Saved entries

⟨

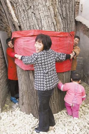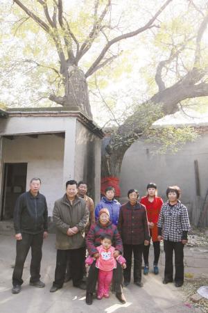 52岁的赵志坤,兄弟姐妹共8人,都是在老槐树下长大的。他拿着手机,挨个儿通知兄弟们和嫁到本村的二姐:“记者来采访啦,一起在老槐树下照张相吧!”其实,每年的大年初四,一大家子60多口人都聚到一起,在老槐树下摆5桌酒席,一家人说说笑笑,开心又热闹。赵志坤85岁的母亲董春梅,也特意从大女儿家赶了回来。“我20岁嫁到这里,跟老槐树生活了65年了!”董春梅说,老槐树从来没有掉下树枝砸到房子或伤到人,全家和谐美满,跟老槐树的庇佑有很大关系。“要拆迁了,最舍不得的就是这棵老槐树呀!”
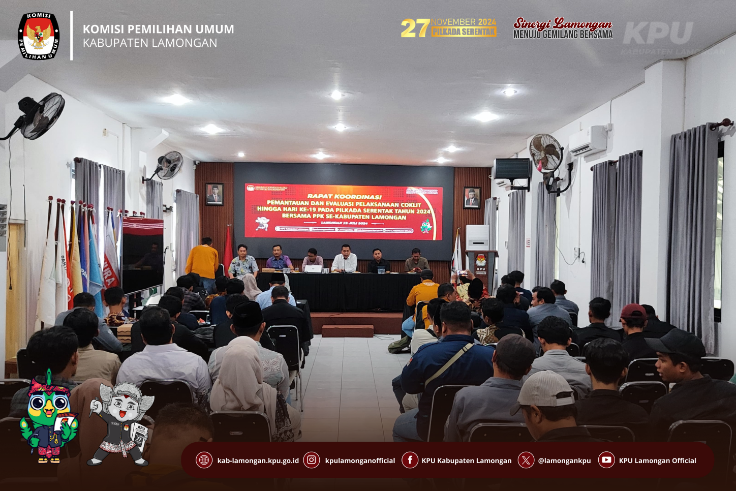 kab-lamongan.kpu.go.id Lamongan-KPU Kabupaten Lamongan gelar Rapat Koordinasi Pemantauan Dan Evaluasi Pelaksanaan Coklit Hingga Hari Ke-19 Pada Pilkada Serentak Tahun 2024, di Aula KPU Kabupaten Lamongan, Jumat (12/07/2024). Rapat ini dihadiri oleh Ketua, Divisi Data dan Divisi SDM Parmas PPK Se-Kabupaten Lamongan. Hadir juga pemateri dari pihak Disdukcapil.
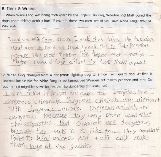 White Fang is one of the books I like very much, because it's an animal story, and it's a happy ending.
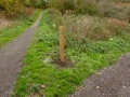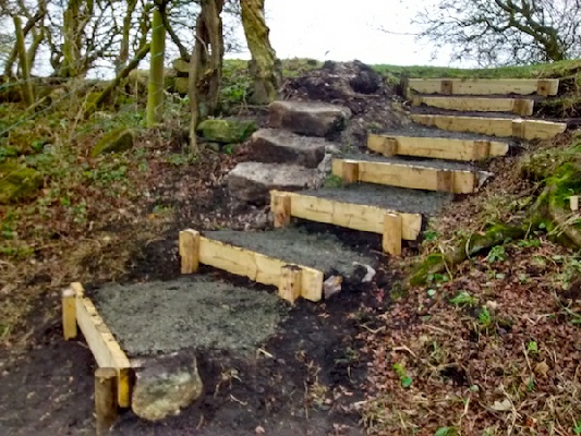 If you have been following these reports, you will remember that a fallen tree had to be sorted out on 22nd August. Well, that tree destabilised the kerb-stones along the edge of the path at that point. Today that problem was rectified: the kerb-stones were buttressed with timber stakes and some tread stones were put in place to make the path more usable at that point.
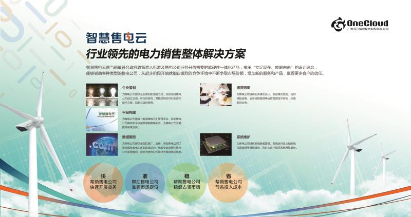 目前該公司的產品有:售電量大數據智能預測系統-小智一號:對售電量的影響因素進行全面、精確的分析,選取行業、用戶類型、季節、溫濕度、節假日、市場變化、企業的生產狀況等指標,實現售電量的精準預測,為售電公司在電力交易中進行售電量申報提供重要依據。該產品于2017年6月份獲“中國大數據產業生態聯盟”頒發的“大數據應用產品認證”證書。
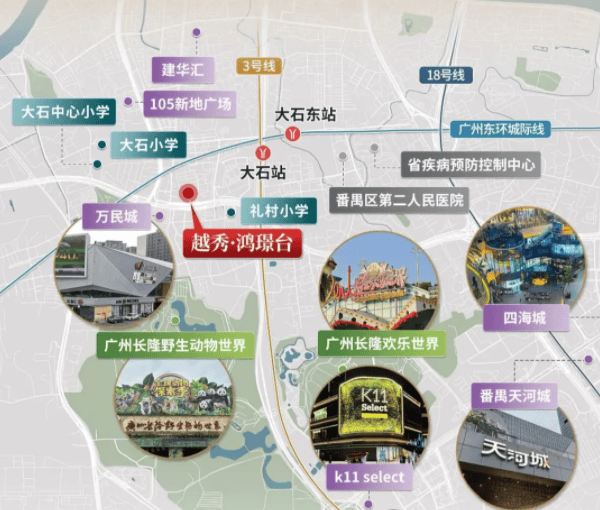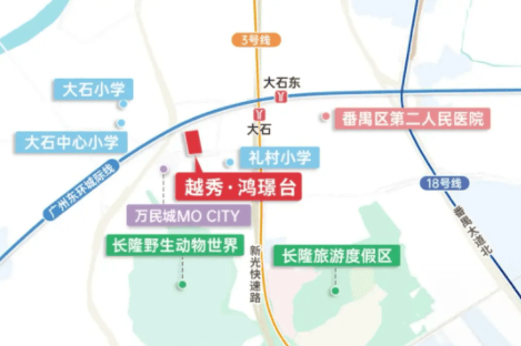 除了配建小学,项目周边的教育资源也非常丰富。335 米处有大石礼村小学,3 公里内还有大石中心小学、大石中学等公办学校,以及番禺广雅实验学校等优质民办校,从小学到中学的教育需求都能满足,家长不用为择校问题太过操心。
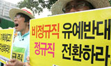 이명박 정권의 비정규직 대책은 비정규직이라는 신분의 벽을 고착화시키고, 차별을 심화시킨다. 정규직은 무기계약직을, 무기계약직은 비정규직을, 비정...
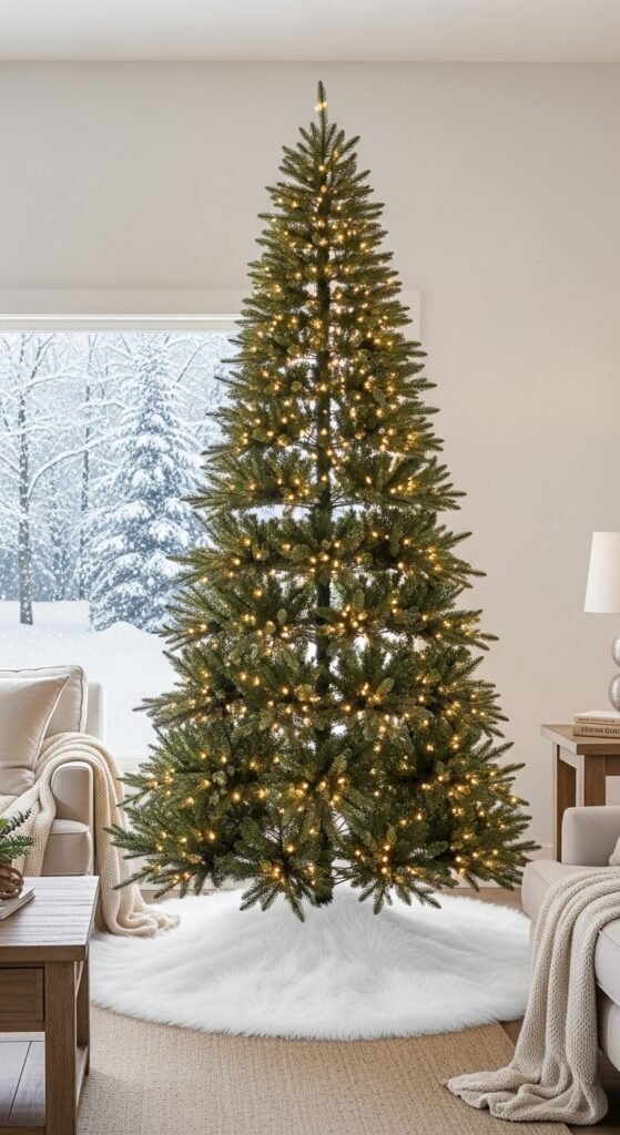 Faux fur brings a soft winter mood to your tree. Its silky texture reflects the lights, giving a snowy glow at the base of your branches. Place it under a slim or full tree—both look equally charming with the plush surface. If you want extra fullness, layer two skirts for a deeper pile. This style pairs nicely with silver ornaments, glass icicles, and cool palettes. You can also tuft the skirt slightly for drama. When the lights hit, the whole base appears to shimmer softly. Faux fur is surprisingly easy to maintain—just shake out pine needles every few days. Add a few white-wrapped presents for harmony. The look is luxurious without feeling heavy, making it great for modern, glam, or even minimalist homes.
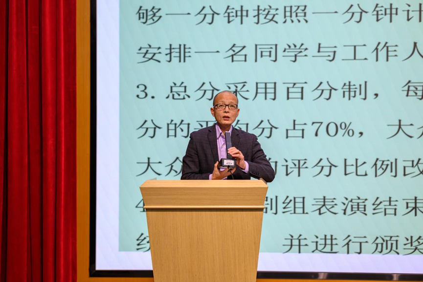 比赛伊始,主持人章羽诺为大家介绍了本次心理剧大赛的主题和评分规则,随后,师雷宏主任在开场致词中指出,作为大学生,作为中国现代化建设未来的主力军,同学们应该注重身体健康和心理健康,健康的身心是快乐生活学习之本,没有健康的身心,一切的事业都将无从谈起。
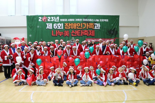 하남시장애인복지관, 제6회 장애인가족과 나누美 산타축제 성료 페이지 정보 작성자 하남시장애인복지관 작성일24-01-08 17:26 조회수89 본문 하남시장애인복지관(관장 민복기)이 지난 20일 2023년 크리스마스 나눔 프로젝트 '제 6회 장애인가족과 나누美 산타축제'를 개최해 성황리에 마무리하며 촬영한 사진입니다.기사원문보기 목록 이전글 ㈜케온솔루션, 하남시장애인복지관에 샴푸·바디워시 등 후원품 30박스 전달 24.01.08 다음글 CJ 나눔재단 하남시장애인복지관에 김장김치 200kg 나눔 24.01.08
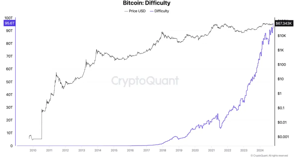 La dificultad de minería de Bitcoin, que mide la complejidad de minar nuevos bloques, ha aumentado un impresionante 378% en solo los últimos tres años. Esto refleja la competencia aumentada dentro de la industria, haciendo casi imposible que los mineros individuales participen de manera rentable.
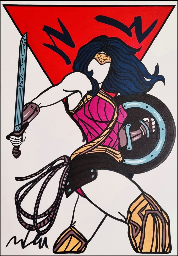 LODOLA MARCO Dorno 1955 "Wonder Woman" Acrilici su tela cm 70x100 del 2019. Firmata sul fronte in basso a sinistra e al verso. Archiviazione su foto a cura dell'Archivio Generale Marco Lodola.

⟩

Prompt
Output exactly the lines above, beginning at the one with "kab-lamongan.kpu.go.id Lamongan-KPU Kabupaten" and stopping after the one with "이명박 정권의 비정규직". Pictures are to be omitted.

Output of the task
 kab-lamongan.kpu.go.id Lamongan-KPU Kabupaten Lamongan gelar Rapat Koordinasi Pemantauan Dan Evaluasi Pelaksanaan Coklit Hingga Hari Ke-19 Pada Pilkada Serentak Tahun 2024, di Aula KPU Kabupaten Lamongan, Jumat (12/07/2024). Rapat ini dihadiri oleh Ketua, Divisi Data dan Divisi SDM Parmas PPK Se-Kabupaten Lamongan. Hadir juga pemateri dari pihak Disdukcapil.
 White Fang is one of the books I like very much, because it's an animal story, and it's a happy ending.
 If you have been following these reports, you will remember that a fallen tree had to be sorted out on 22nd August. Well, that tree destabilised the kerb-stones along the edge of the path at that point. Today that problem was rectified: the kerb-stones were buttressed with timber stakes and some tread stones were put in place to make the path more usable at that point.
 目前該公司的產品有:售電量大數據智能預測系統-小智一號:對售電量的影響因素進行全面、精確的分析,選取行業、用戶類型、季節、溫濕度、節假日、市場變化、企業的生產狀況等指標,實現售電量的精準預測,為售電公司在電力交易中進行售電量申報提供重要依據。該產品于2017年6月份獲“中國大數據產業生態聯盟”頒發的“大數據應用產品認證”證書。
 除了配建小学,项目周边的教育资源也非常丰富。335 米处有大石礼村小学,3 公里内还有大石中心小学、大石中学等公办学校,以及番禺广雅实验学校等优质民办校,从小学到中学的教育需求都能满足,家长不用为择校问题太过操心。
 이명박 정권의 비정규직 대책은 비정규직이라는 신분의 벽을 고착화시키고, 차별을 심화시킨다. 정규직은 무기계약직을, 무기계약직은 비정규직을, 비정...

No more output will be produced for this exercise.